**ACTIVITY:** The material below includes pictures; leave them out and return only the lines between the line containing "(通讯员 刘鹏宇)6月27日" and the line containing "Ram de flor", inclusive, word for word.

**RECORDS FOR PROCESSING:**
__________
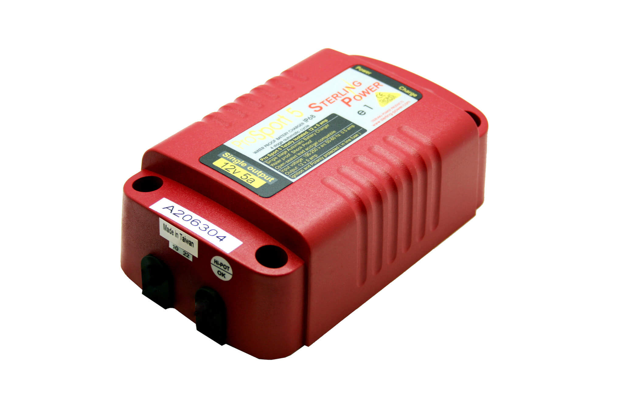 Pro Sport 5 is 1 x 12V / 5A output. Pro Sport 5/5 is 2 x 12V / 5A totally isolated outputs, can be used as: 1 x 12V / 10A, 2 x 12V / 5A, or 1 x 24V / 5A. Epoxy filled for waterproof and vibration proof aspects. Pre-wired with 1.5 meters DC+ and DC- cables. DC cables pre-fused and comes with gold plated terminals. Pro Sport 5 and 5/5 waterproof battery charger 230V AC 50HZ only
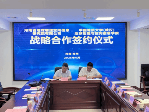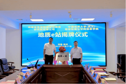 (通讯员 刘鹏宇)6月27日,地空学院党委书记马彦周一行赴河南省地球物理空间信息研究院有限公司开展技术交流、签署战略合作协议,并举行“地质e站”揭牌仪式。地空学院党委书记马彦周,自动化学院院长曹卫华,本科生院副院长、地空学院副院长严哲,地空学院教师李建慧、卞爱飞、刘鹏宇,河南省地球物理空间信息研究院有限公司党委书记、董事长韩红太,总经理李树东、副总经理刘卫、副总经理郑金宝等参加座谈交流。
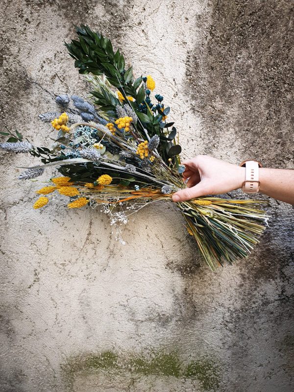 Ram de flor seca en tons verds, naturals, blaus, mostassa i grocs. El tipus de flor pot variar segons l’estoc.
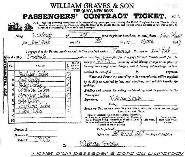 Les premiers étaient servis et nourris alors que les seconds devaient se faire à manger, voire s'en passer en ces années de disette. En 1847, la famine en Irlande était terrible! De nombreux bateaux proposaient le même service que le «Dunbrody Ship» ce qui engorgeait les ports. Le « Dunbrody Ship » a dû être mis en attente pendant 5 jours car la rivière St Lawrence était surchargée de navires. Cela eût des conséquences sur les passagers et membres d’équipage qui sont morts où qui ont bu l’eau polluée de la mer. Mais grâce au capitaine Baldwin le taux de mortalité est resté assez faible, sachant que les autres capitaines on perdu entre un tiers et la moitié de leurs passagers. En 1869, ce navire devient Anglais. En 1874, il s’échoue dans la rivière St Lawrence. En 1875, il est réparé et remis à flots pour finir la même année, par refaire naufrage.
__________
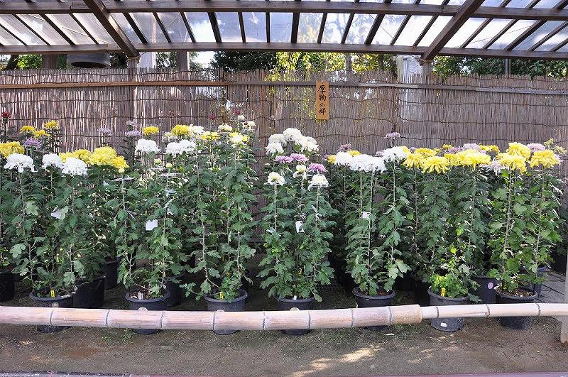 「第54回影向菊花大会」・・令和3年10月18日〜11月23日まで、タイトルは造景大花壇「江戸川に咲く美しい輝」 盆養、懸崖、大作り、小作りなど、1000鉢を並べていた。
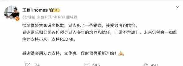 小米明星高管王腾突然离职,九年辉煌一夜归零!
__________
**SOLVED PROBLEM:**
 (通讯员 刘鹏宇)6月27日,地空学院党委书记马彦周一行赴河南省地球物理空间信息研究院有限公司开展技术交流、签署战略合作协议,并举行“地质e站”揭牌仪式。地空学院党委书记马彦周,自动化学院院长曹卫华,本科生院副院长、地空学院副院长严哲,地空学院教师李建慧、卞爱飞、刘鹏宇,河南省地球物理空间信息研究院有限公司党委书记、董事长韩红太,总经理李树东、副总经理刘卫、副总经理郑金宝等参加座谈交流。
 Ram de flor seca en tons verds, naturals, blaus, mostassa i grocs. El tipus de flor pot variar segons l’estoc.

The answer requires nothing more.